It also requires education about the practicalities of diversity in an open engineering environment, and it requires organizational processes that regularly consider what effect each decision might have on diversity.

Examples abound:

  • Formally, an IETF working group makes its decisions on its mailing list. Since anyone can join the list, anyone with access to the Internet can participate. However, working groups also have sessions at the thrice-annual IETF face-to-face meetings and might also hold interim meetings, which are face to face, by telephone, or by video conference. Attendance at these can be challenging. Getting to a face-to-face meeting costs a great deal of money and time; remote participation often incurs time-shifting that includes very early or very late hours. So, increased working group reliance on meetings tends to exclude those with less funding or less travel time or more structured work schedules.
  • Vigorous advocacy for a strongly held technical preference is common in engineering communities. Of course it can be healthy, since strong support is necessary to promote success of the work. However, in the IETF this can be manifest in two ways that are problematic. One is a personal style that is overly aggressive and serves to intimidate, and hence unreasonably gag, those with other views. The other is a group style that prematurely embraces a choice and does not permit a fair hearing for alternatives.
  • Predictably, engineers value engineering skills. When the task is engineering, this is entirely appropriate. However, many of the IETF's activities, in support of its engineering efforts, are less about engineering and more about human and organizational processes. These require very different skills. To the extent that participants in those processes are primarily considered in terms of their engineering prowess, those who are instead stronger in other, relevant skills will be undervalued, and the diversity of expertise that the IETF needs will be lost.
  • IETF standards are meant to be read, understood, and implemented by people who were not part of the working group process. The gist of the standards also often needs to be read by managers and operators who are not engineers. IETF specifications enjoy quite a bit of stylistic freedom to contain pedagogy, in the service of these audience goals. However, the additional effort to be instructional is significant, and active participants who already understand and embrace the technical details often decline from making that effort. Worse, that effort is also needed during the specification development effort, since many participants might lack the background or superior insight needed to appreciate what is being specified. Yet the IETF's mantra for "rough consensus" is exactly about the need to recruit support. In fact, the process of "educating" others often uncovers issues that have been missed.
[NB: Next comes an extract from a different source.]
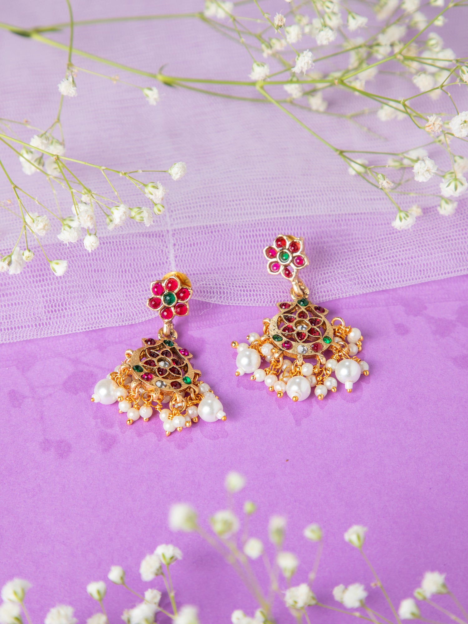 Gold Plated Multilayered Green Beads Necklace and Earrings set with Multicolor Stones and Faux Pearls

2.2. Harassment and Bullying

Many different behaviors can serve to reduce participant diversity or participation diversity. One class of efforts is based on overt actions to marginalize certain participants by intimidating them into silence or departure. Intimidation efforts divide into two styles warranting distinction. One is harassment, which pertains to biased treatment of demographic classes. A number of identified classes are usually protected by law, and community understanding that such biased behavior cannot be tolerated has progressively improved.

Other intimidation efforts are tailored to targeted individuals and are generally labeled bullying [Har-Bul] [Workplace] [Signs] [Escalated] [Prevention]. The nature and extent of bullying in the workplace is widely underestimated, misunderstood, and mishandled. It is described as follows in a WikiHow article [wikiHow]:

...[B]ehavior directed at an employee that is intended to degrade, humiliate, embarrass, or otherwise undermine their performance... [T]he sure signs of a bully that signify more than a simple misunderstanding or personal disagreement... might include:

  • Shouting, whether in private, in front of colleagues, or in front of customers
  • Name-calling
  • Belittling or disrespectful comments
  • Excessive monitoring, criticizing, or nitpicking someone's work
  • Deliberately overloading someone with work
  • Undermining someone's work by setting them up to fail
  • Purposefully withholding information needed to perform a job efficiently
  • Actively excluding someone from normal workplace/staff room conversations and making someone feel unwelcome

In addition, the Tim Field Foundation [Bully-Ser] lists the traits of a "serial bully", paraphrased below:

  • Jekyll and Hyde nature -- Dr Jekyll is 'charming' and 'charismatic'; 'Hyde' is 'evil'
  • Exploits the trust and needs of organizations and individuals, for personal gain
  • Convincing liar -- Makes up anything to fit their needs at that moment
  • Damages the health and reputations of organizations and individuals
  • Reacts to criticism with Denial, Retaliation, Feigned Victimhood [Defensive], [MB-Misuse]
  • Blames victims
  • Apparently immune from disciplinary action
  • Moves to a new target when the present one burns out

Whether directed at classes or individuals, intimidation methods used can:

  • Seem relatively passive, such as consistently ignoring a member
  • Seem mild, such as with a quiet tone or language of condescension
  • Be quite active, such as aggressively attacking what is said by the participant
  • Be disingenuous, masking attacks in a passive-aggressive style

If tolerated by others, and especially by those managing the group, these methods create a hostile work environment [Dealing].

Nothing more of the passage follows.